Entries taken from a collection:
________
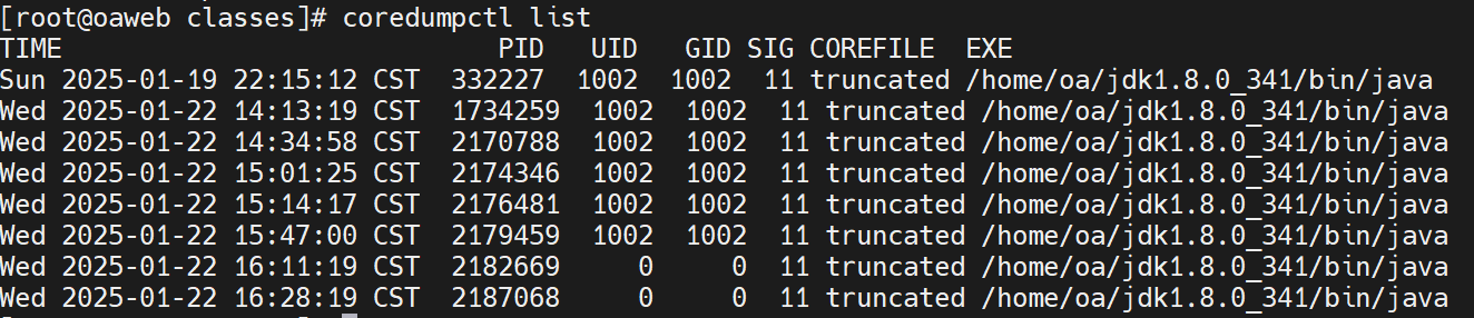 通过coredump命令能看到Java进程确实存在主动退出的问题:
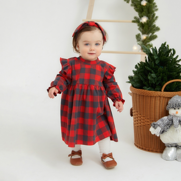 Платье и повязка Крошка Я "Клеточка", рост 86-92 см, красный
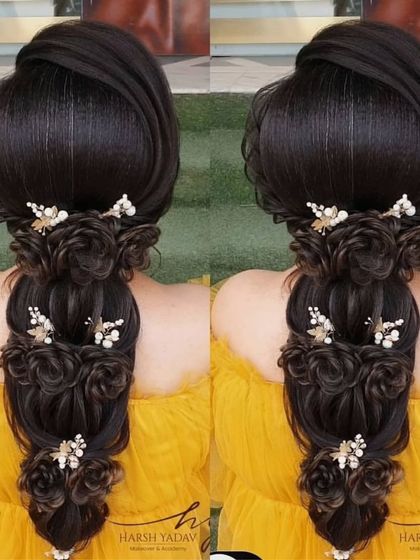 We specialize in creating intricate bridal hairstyles, from elegant buns and braids to sophisticated updos. Our styles are enhanced with decorative elements like pearls and flowers to complement your bridal look.
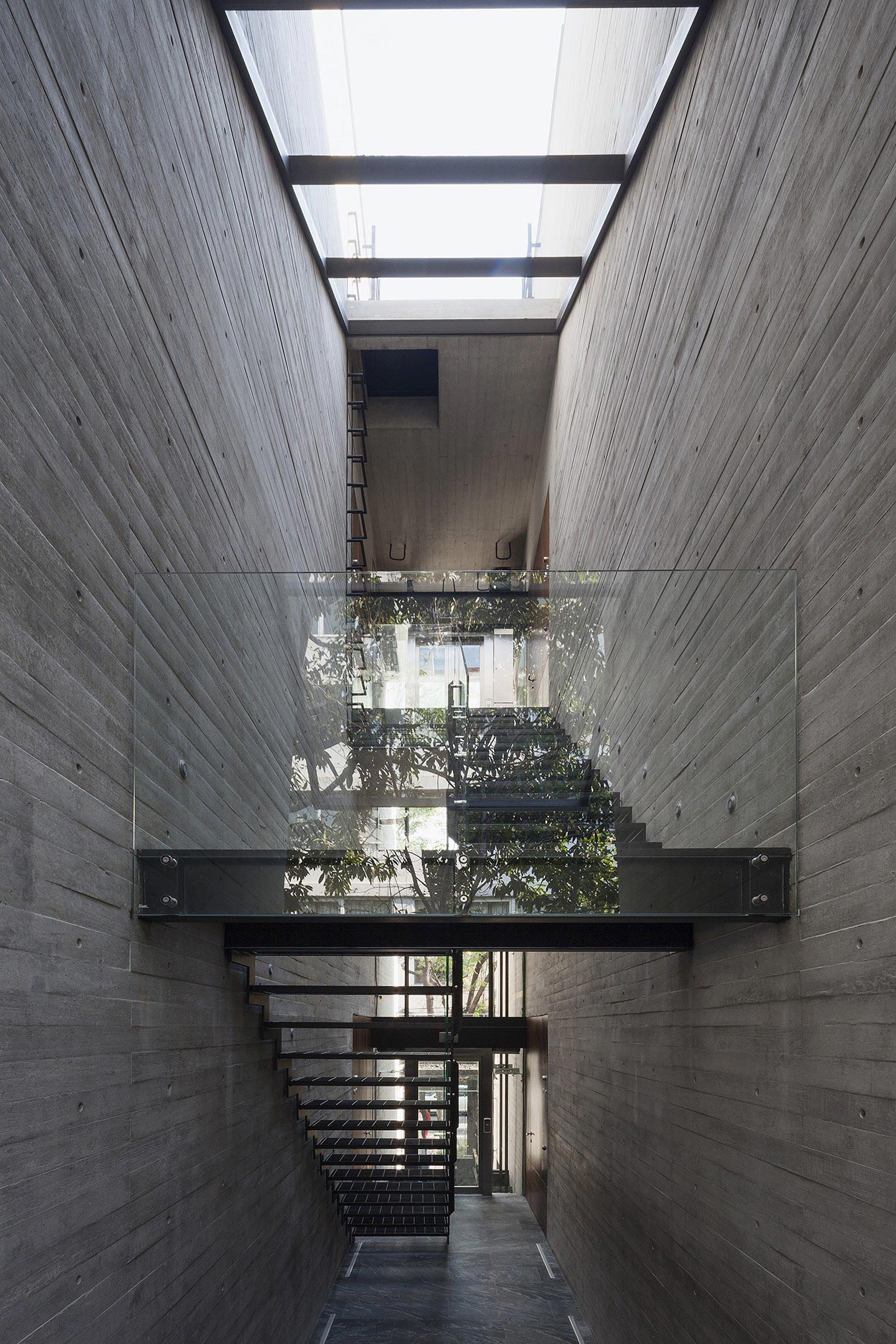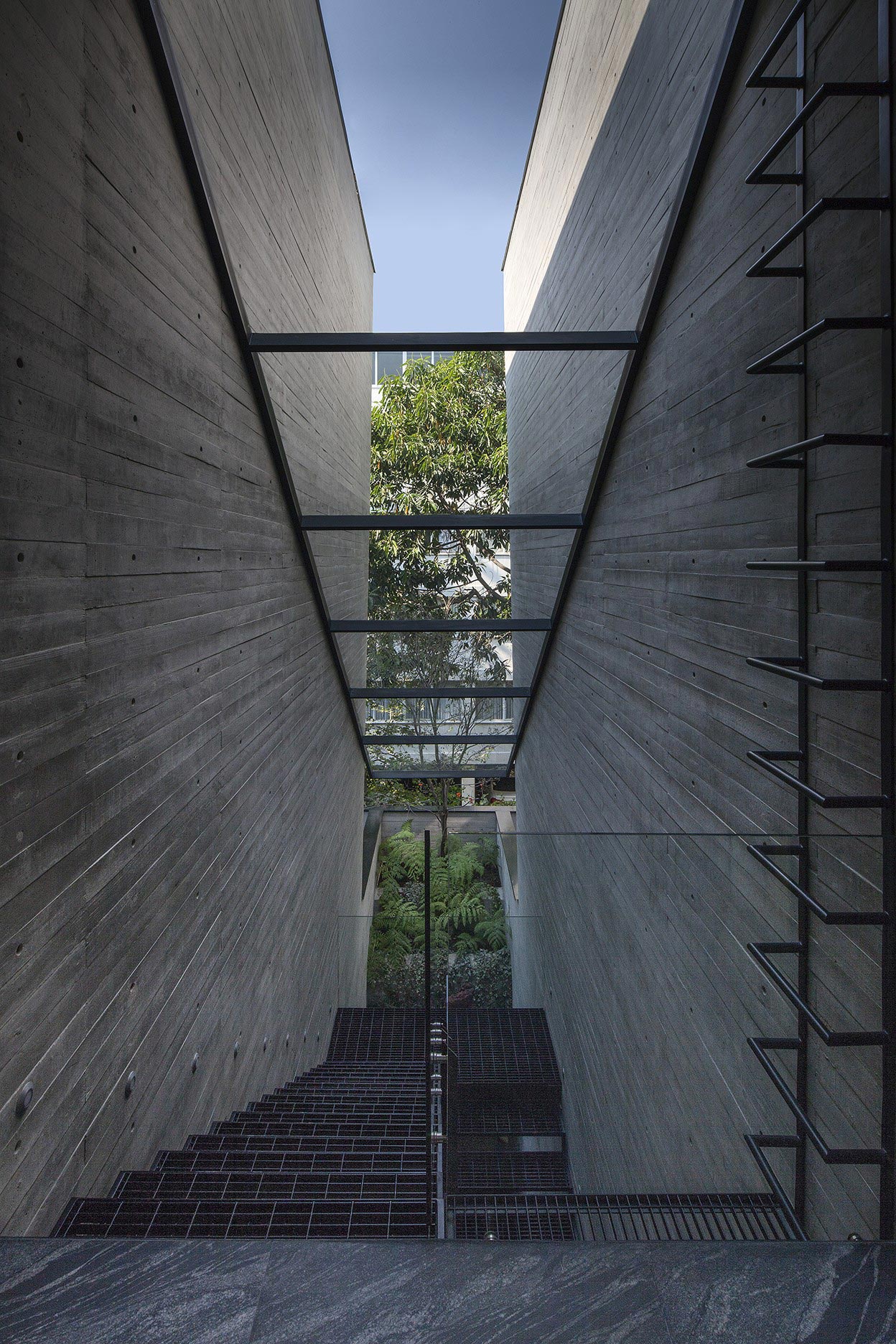 El ingeniero Allan Dayan, representante de la obra, lo define como dos bloques de cristal envueltos por un cinturón irregular de concreto aparente enduelado, elegido por su costo, durabilidad y manejabilidad, sin dejar a un lado el valor estético. El acero complementa el juego de materiales.
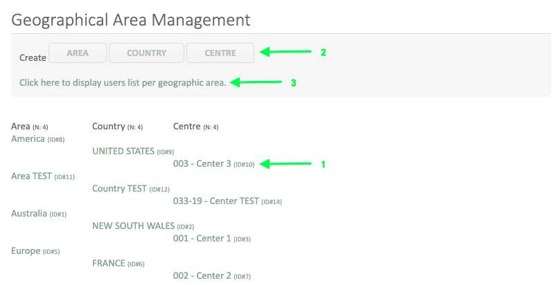 In order to edit a geographical area informations, just click on the name of the area (as indicated in 1).
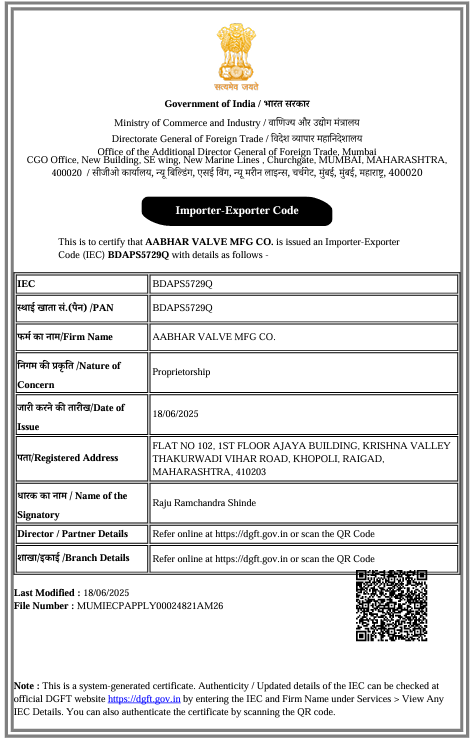 Mr. Raju R. Shinde founded aabharvalvemfgco on June 16, 2024, and Mr. Raju Shinde is the owner of the company. and excellent knowledge of lathe machine operating and automatic CNC operating experience, as well as 30 years’ experience. Our company, Industrial Valve Mfg also be an oil and gas line product manufacturer in May 2024. Aabhar Valve Mfg Co is a leading company. Production start will be from May 2025 expected production range is from 2″ inch to up to 12″ inch ball valve mfg, also nrv valve, srv valve, brass valve, flange, etc, working in our factory.
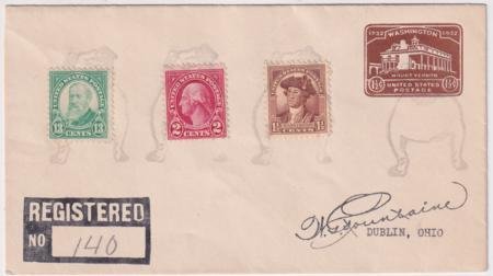 US Idaho, Yale 1932 (Jul 1) Registered cover with W.G. Fountaine facsimile autograph with 623, 634, 706 on U524. Each stamp tied by single strike of Bull Dog fancy cancel #1263 in black.
________
- [What this task involves] Copy the entries above exactly from the line with "El ingeniero Allan" down to their last line, both ends included. Do not copy any pictures.

- [Written response]
 El ingeniero Allan Dayan, representante de la obra, lo define como dos bloques de cristal envueltos por un cinturón irregular de concreto aparente enduelado, elegido por su costo, durabilidad y manejabilidad, sin dejar a un lado el valor estético. El acero complementa el juego de materiales.
 In order to edit a geographical area informations, just click on the name of the area (as indicated in 1).
 Mr. Raju R. Shinde founded aabharvalvemfgco on June 16, 2024, and Mr. Raju Shinde is the owner of the company. and excellent knowledge of lathe machine operating and automatic CNC operating experience, as well as 30 years’ experience. Our company, Industrial Valve Mfg also be an oil and gas line product manufacturer in May 2024. Aabhar Valve Mfg Co is a leading company. Production start will be from May 2025 expected production range is from 2″ inch to up to 12″ inch ball valve mfg, also nrv valve, srv valve, brass valve, flange, etc, working in our factory.
 US Idaho, Yale 1932 (Jul 1) Registered cover with W.G. Fountaine facsimile autograph with 623, 634, 706 on U524. Each stamp tied by single strike of Bull Dog fancy cancel #1263 in black.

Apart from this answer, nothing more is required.